Kurse zur Selbstverteidigung werden bei Musliminnen immer begehrter. Die Frauen wollen keine Opfer mehr sein und sich gegebenenfalls vor Angriffen schützen.
Der Fall aus Frankreich erschütterte Muslime in ganz Europa. Eine schwangere Muslima wurde im Juni von mutmaßlichen Rechtsextremisten zusammengeschlagen. Die Täter schlugen extra auf den Bauch ihres Opfers. Das Opfer erlitt eine Fehlgeburt.

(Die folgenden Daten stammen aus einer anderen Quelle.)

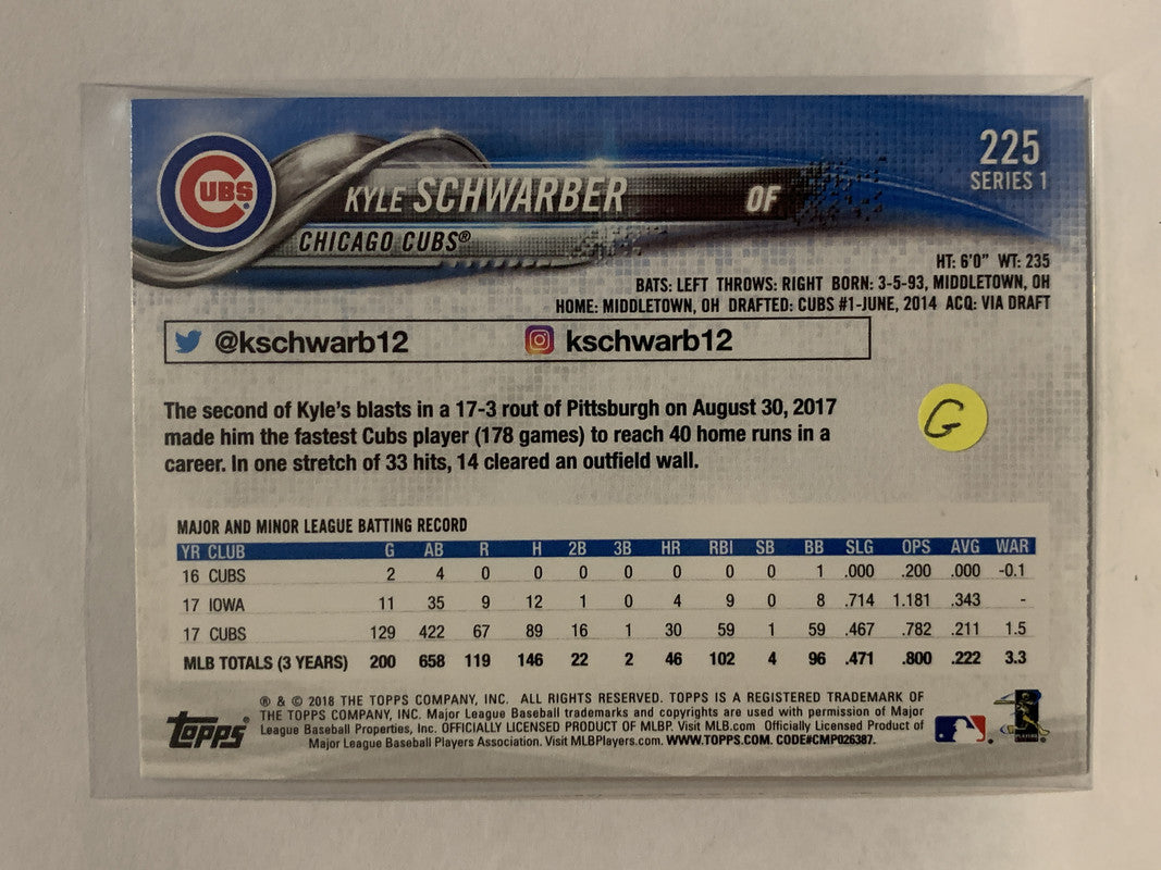 #225 Kyle Schwarber Chicago Cubs 2018 Topps Series One Baseball Card MLB
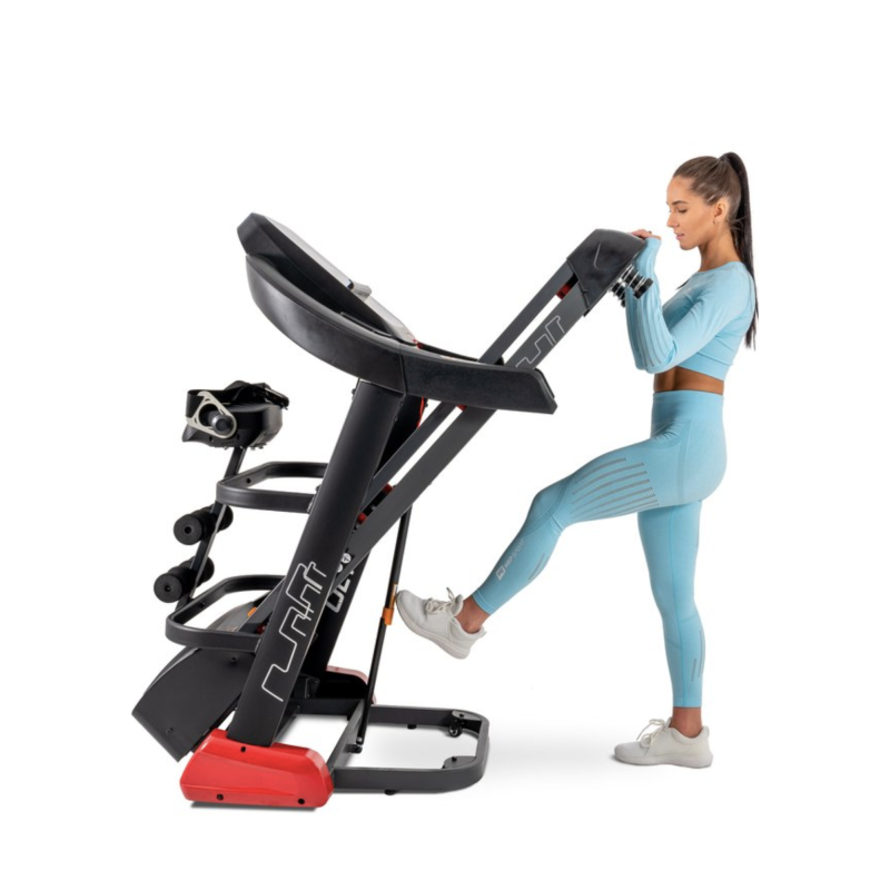 Ви можете скласти бігову доріжку в будь-який час і прибрати її з поля зору. Система гідравлічного м'якого падіння утримує вагу бігової доріжки, розкладаючи та складаючи її. Вам не потрібно буде нікого просити про допомогу! У складеному стані бігова доріжка Ultima займає 1,05 м2.

Es ist nur einer von vielen extremen Fällen, die sich allerdings in den letzten Jahren gefühlt häufen. Und nicht erst nach dem brutalen islamfeindlichen Übergriff auf Marwa El-Sherbini in einem Dresdener Landgericht (2009) fragen muslimische Frauen, was sie gegen solche Übergriffe tun können.
Eine solche Frau ist auch Aischa* gewesen. Sie ist 29 Jahre alt und studiert Islamwissenschaften. Für die gläubige Muslima ist der Hintergrund denkbar einfach: Ein Vorfall in einer U-Bahn hat ihr die Augen geöffnet.
„Ich wurde von einer Frau bespuckt. Sie schimpfte über mein Kopftuch, über mein Aussehen. Sie schrie, ich solle zurück in mein Land. Die Menschen um uns herum haben nur zugeschaut. Niemand kam mir zur Hilfe. Hätte die Frau mich angegriffen, wer weiß, was dann passiert wäre“, erzählt die junge Studentin.
Sie fragte sich: „Was wenn wirklich etwas passiert?“ Also ging sie ins Internet und suchte nach Kursen zur Selbstverteidigung. Doch so richtig begeistern konnte sie sich für die „normalen“ Angebote nicht. Mal war der Ausbilder ein Mann, mal war die Veranstaltung nicht wirklich getrennt. Gerade sie als Muslima wollte aber einen Kurs finden.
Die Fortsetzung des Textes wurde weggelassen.